RFC/PoC: GUC option to enable tuple queue autoflush for parallel workers

Started by Francesco Degrassiover 1 year ago2 messages
Jump to latest
#1Francesco Degrassi
francesco.degrassi@optionfactory.net

Hi all. A brief overview of our use case follows.

We are developing a foreign data wrapper which employs parallel scan
support and predicate pushdown; given the types of queries we run,
foreign scans can be very long and often return very few rows.

As the scan can be very long and slow, we'd like to provide partial
results to the user as rows are being returned.

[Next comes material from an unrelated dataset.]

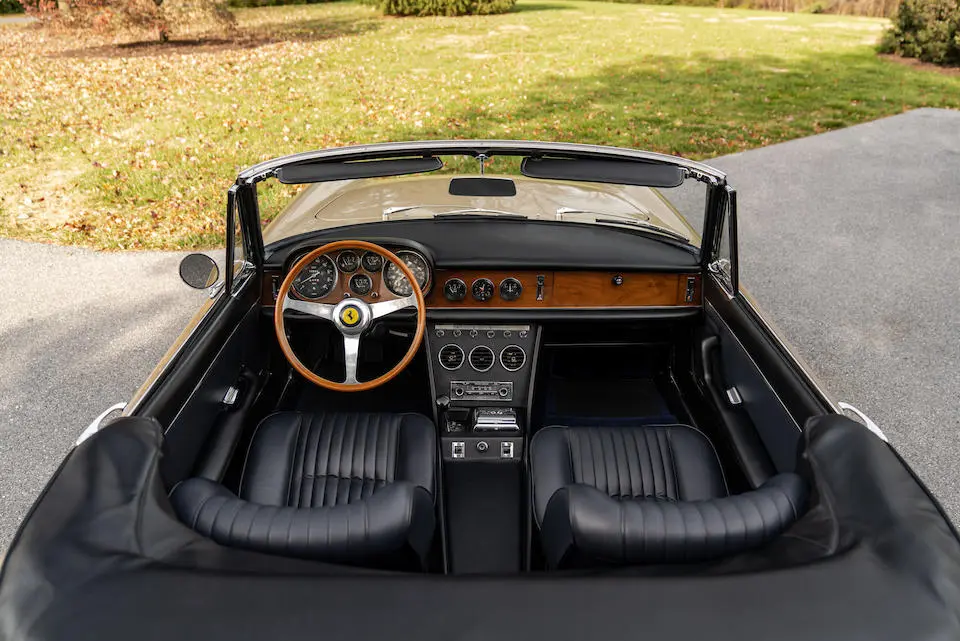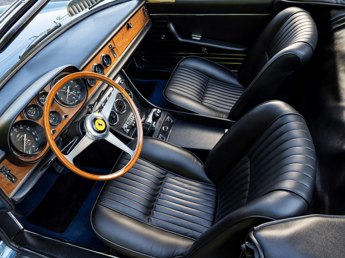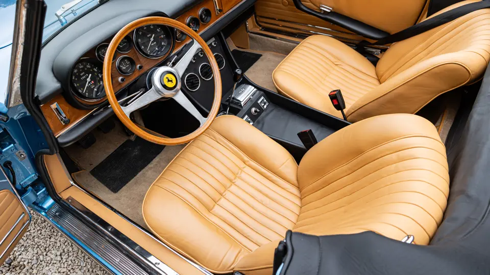 12253 : 1969, 365 GT/S Spider, 6e/20, boîte de vitesses n°79, Azzuro, cuir Nero.

We found two problems
with that:
1. Leader backend would not poll the parallel workers queue until it
itself found a row to return; we worked around it by turning
`parallel_leader_participation` to off.
2. Parallel workers tuple queues have buffering, and are not flushed
until a certain fill threshold is reached; as our queries yield few
result rows, oftentimes these rows would only get returned at the end
of the (very long) scan.

The proposal is to add a `parallel_tuplequeue_autoflush` GUC (bool,
default false) that would force every row returned by a parallel
worker to be immediately flushed to the leader; this was already the
case before v15, so it simply allows to opt for the previous
behaviour.

This would be achieved by configuring a `auto_flush` field on
`TQueueDestReceiver`, so that `tqueueReceiveSlot` would pass
`force_flush` when calling `shm_mq_send`.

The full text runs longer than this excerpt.